**WHAT IS REQUIRED**
Leave out every picture, and restate word for word only the lines from the one containing "A tranquil sailboat" through the end of the material.

**DATASET EXTRACT**
========

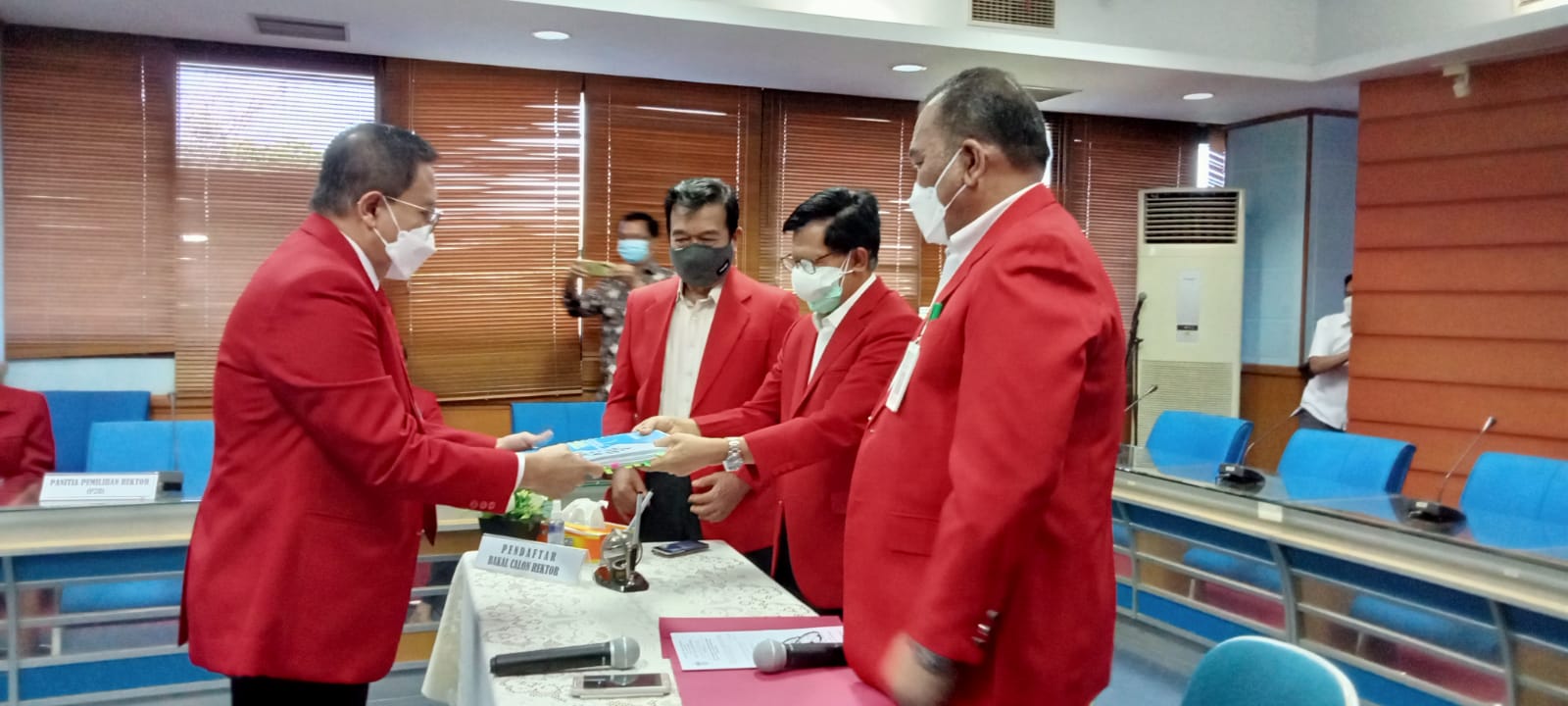 Penyerahan berkas berlangsung di Sekretariat Panitia Pemilihan Rektor (P2R), Lantai 4 Gedung Rektorat Unhas, Kampus Unhas Tamalanrea, Senin(16/8/2021).
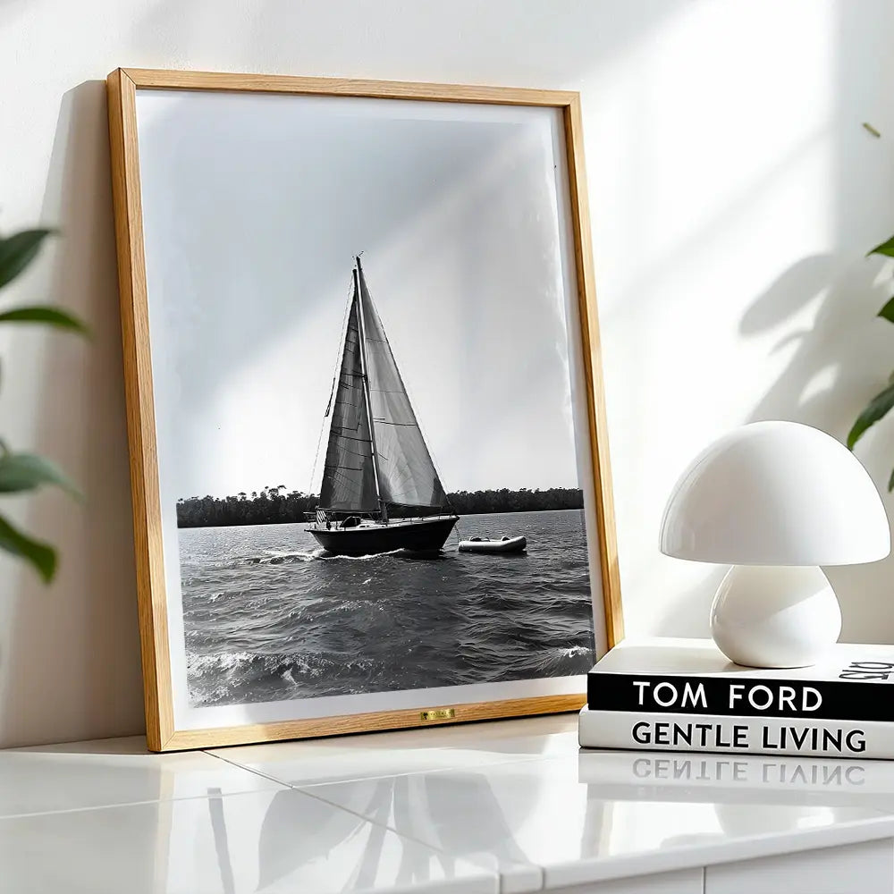 A tranquil sailboat drifting across calm waters, a vision of peace and freedom.
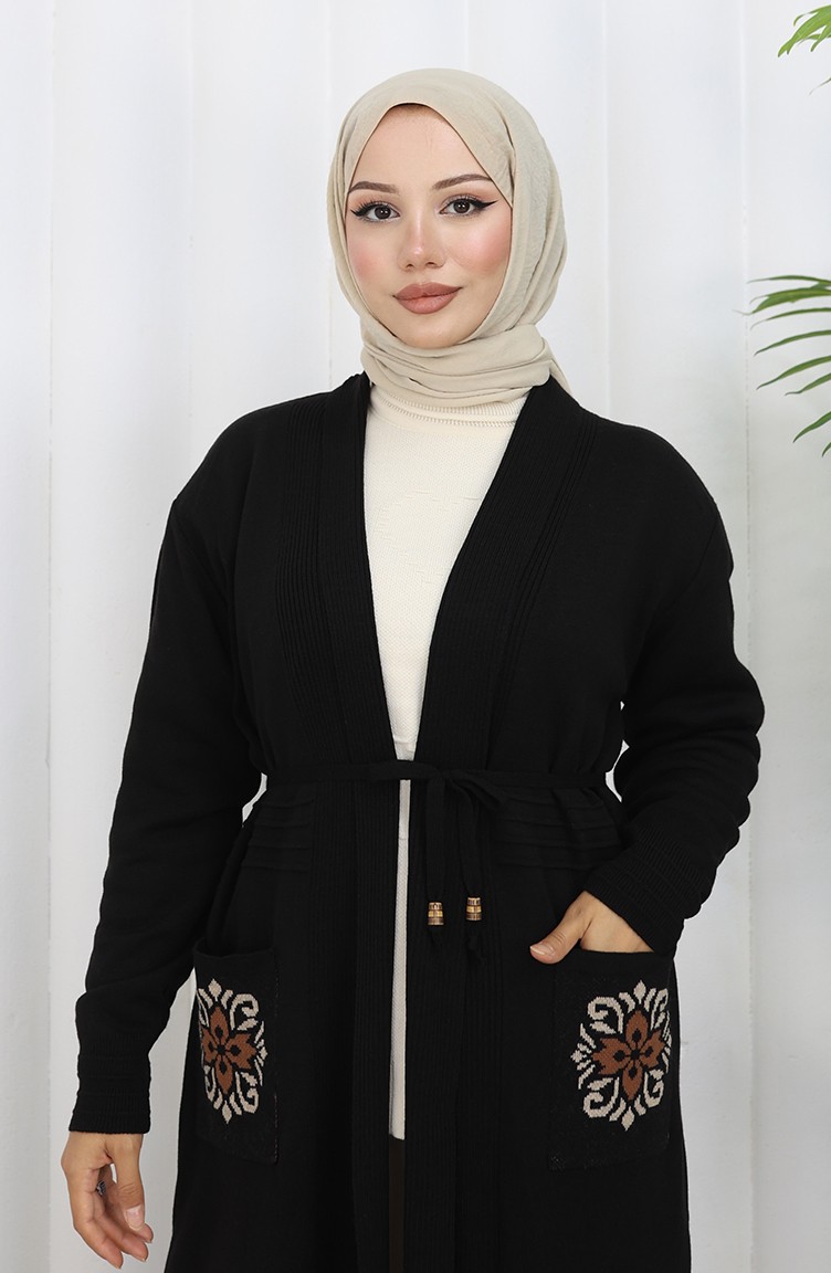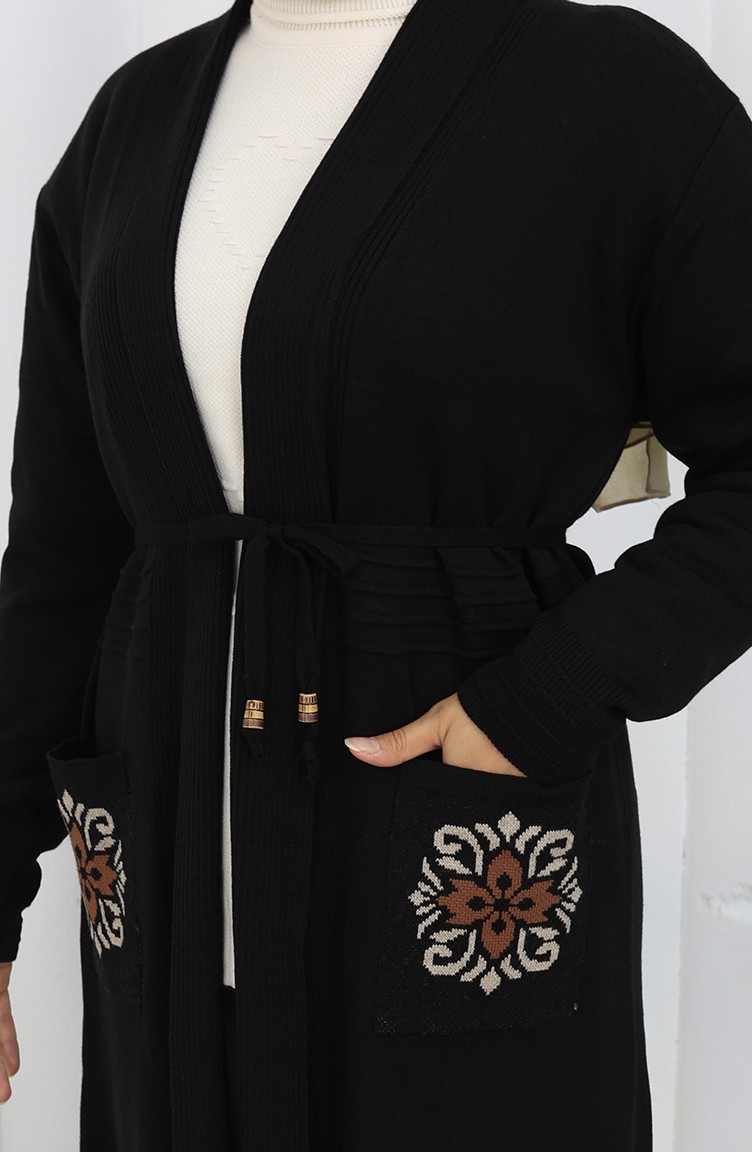 Cardigan Long Brodé En Maille 0022-04 Noir 0022-04

========

**TASK RESPONSE**
 A tranquil sailboat drifting across calm waters, a vision of peace and freedom.
 Cardigan Long Brodé En Maille 0022-04 Noir 0022-04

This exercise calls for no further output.